つまりここは、要警戒、危険な大人の収容所なのだった。



ただ、私はおとなしくしていたせいか、身体検査はされずに済み、あのリップクリームを取り上げられた彼女のような目にはあわなかった。


あんなことされたら、平常心を保てたのか自信がない。
きっと怒ってしまう、けれど怒ったら拘束される。


……屈辱だった。


お風呂にはいってさっぱりして、今日は退屈しなくて済みそう、なんて思っていたら大間違い、やっぱり昼からは退屈だった。

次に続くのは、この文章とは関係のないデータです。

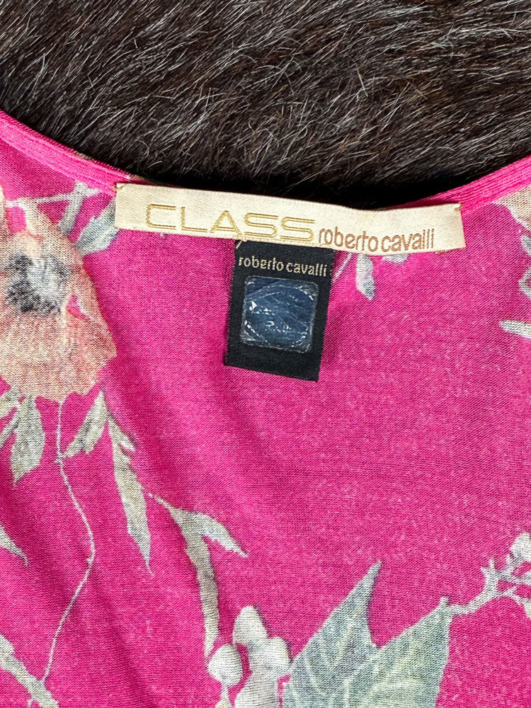 We sourced this early-2000s Class Roberto Cavalli dress for its vivid fuchsia floral print and fluid silhouette. Crafted in ultra-soft viscose jersey, it features a striking pink botanical pattern, a drop waist, and Cavalli’s signature draped cut that moves beautifully with the body.
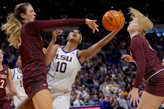 In a rematch of a game in last season’s Final Four, LSU got past Virginia Tech again on Thursday in an ACC/SEC Challenge game at Baton Rouge, La., as Tigers star Angel Reese returned to action.
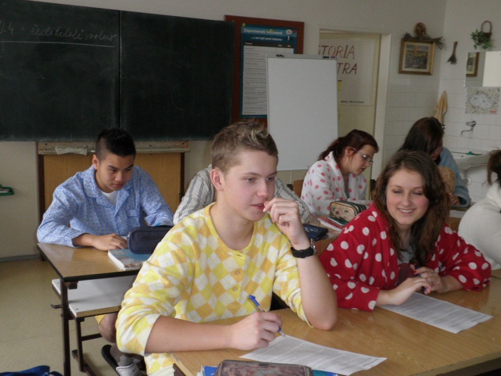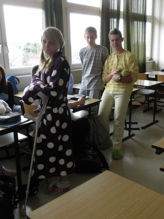 Apríl jsme začali zvesela, i když nás v tomto měsíci čekají zkoušky na střední školy. Nebo právě proto, veselá mysl je půl zdraví, jak říká jedno přísloví. A recese a humor jsou nám vlastní, proto jsme se všichni velmi dobře bavili. Zvlášť vydařené pyžámko měl Ondra Zítka a Tomáš Le, děvčata byla cudně zahalena ve slušivých župáncích. Uvolněný oděv navozoval uvolněnou a milou náladu. Do konce školního roku nám zbývají jen tři měsíce, jen tři měsíce budeme spolu v této škole. Proto si to chceme pořádně užít. Veselý april Vám přejí všichni z IX. třídy.
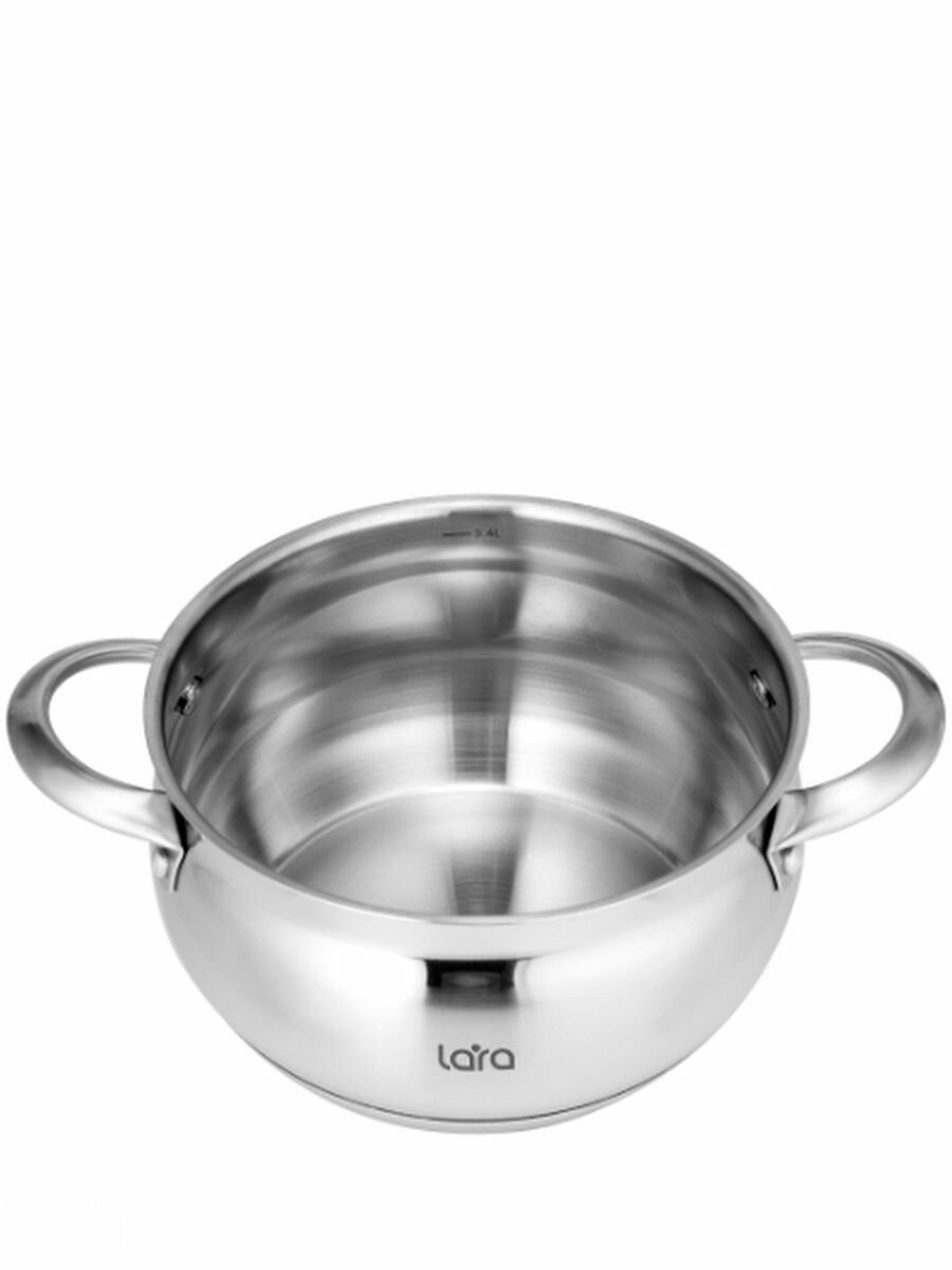 Набор кастрюль из нержавеющей стали LARA LR02-112 AURORA/ 2 л + 3.8 л + 6.3 л/ для всех видов плит/ 3 предмета
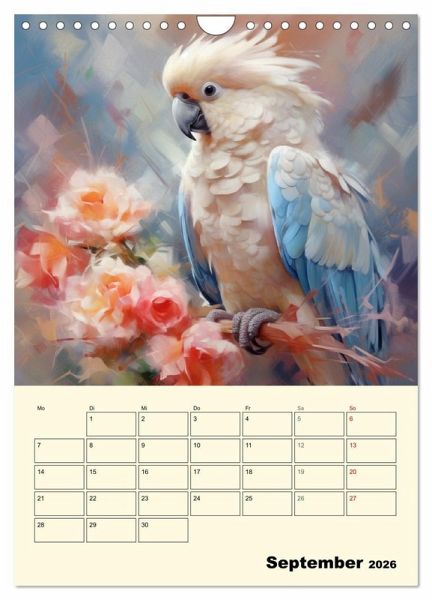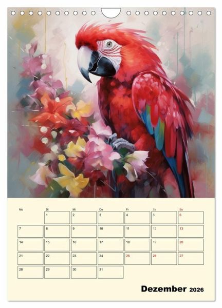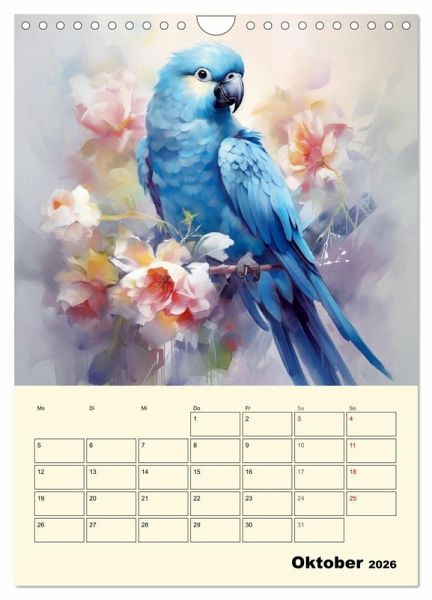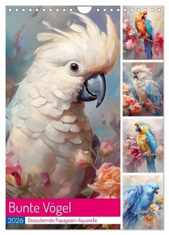 Papageien sind wunderschön und so bunt, dass man es kaum glauben kann. Stattliche Aras, kecke Kakadus und zauberhafte Kleinpapageien sind aber nicht nur wunderschön. Sie sind sehr klug, geschickt und äußerst lernfähig. Diese lieblichen Aquarelle wurden mit KI erstellt und bringen duftige Vogelbilder mit zarten Blumen in ihr Zuhause. Ein zauberhafter Planer für alle Tierfreunde und Vogelliebhaber.
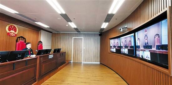 广州互联网法院的法庭里,审判席的对面是竖起的三块高清大屏幕,画面上显示原、被告双方分别在广州、江门登录上线,而同时在线的还有2500余名类案当事人和1000余名在线围观人员。
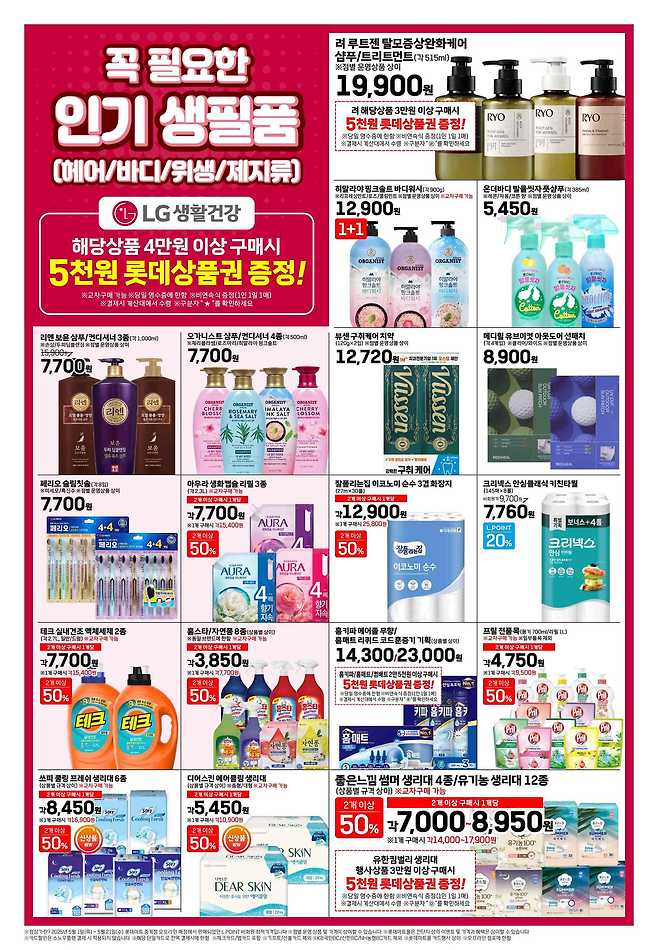 LG생활건강 샴푸/린스/치약: 1+1 또는 최대 50% 할인
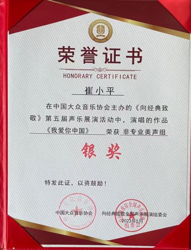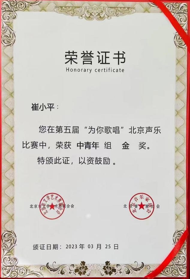 崔小平,北京音乐家协会会员,昌平音乐家协会理事,全国十佳女高音歌唱家,国家一级舞美设计师,中国服装设计师协会艺术专业委员会评审专家
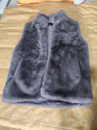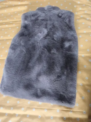 Chaleco de pelo sintético en color gris. Es una prenda suave y cálida. - Material: Pelo sintético.
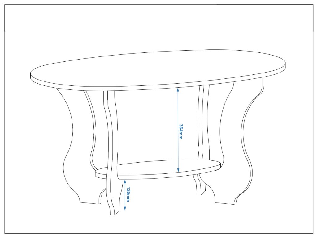 Rozměry stolu jsou hloubka 60 cm, délka 100 cm a výška 52 cm, což jej činí vhodným pro různé typy místností. Je ideální pro umístění na něj knihy, dekorace, nebo dálkový ovladač. Tvar oválné desky nejenže vypadá stylově, ale také je bezpečný pro rodiny s dětmi, jelikož nemá ostré hrany.
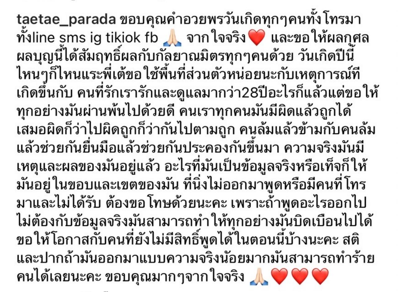 "ขอบคุณคำอวยพรวันเกิดทุกๆ คน ทั้งโทรมา ทั้ง line sms ig tikiok fb จากใจจริง และขอให้ผลกุศลผลบุญนี้ได้สัมฤทธิ์ผลกับกัลยาณมิตรทุกๆ คนด้วย วันเกิดปีนี้ไหนๆ ก็ไหนๆ แระ พี่เต้ขอใช้พื้นที่ส่วนตัวหน่อยนะกับเหตุการณ์ที่เกิดขึ้นกับคนที่เรารักและดูแลมากว่า 28 ปี อะไรก็แล้วแต่ขอให้ทุกอย่างมันผ่านพ้นไปด้วยดี

 私は、ストレスがかかると顔面にアレルギーのような症状がでる体質なのだけれど、病院のストレスと、なれない石鹸を使ったせいで顔がかゆかったり痛かったりしてきて、ひどく憂鬱になった。


今日は主治医がいるはず。
はやく「診察」してほしい、そして一刻も早く解放してほしい。
もう死のうなんてしない、こんなところに閉じ込められるくらいなら、それこそ「死んだ方がましだ」。




泣きそう。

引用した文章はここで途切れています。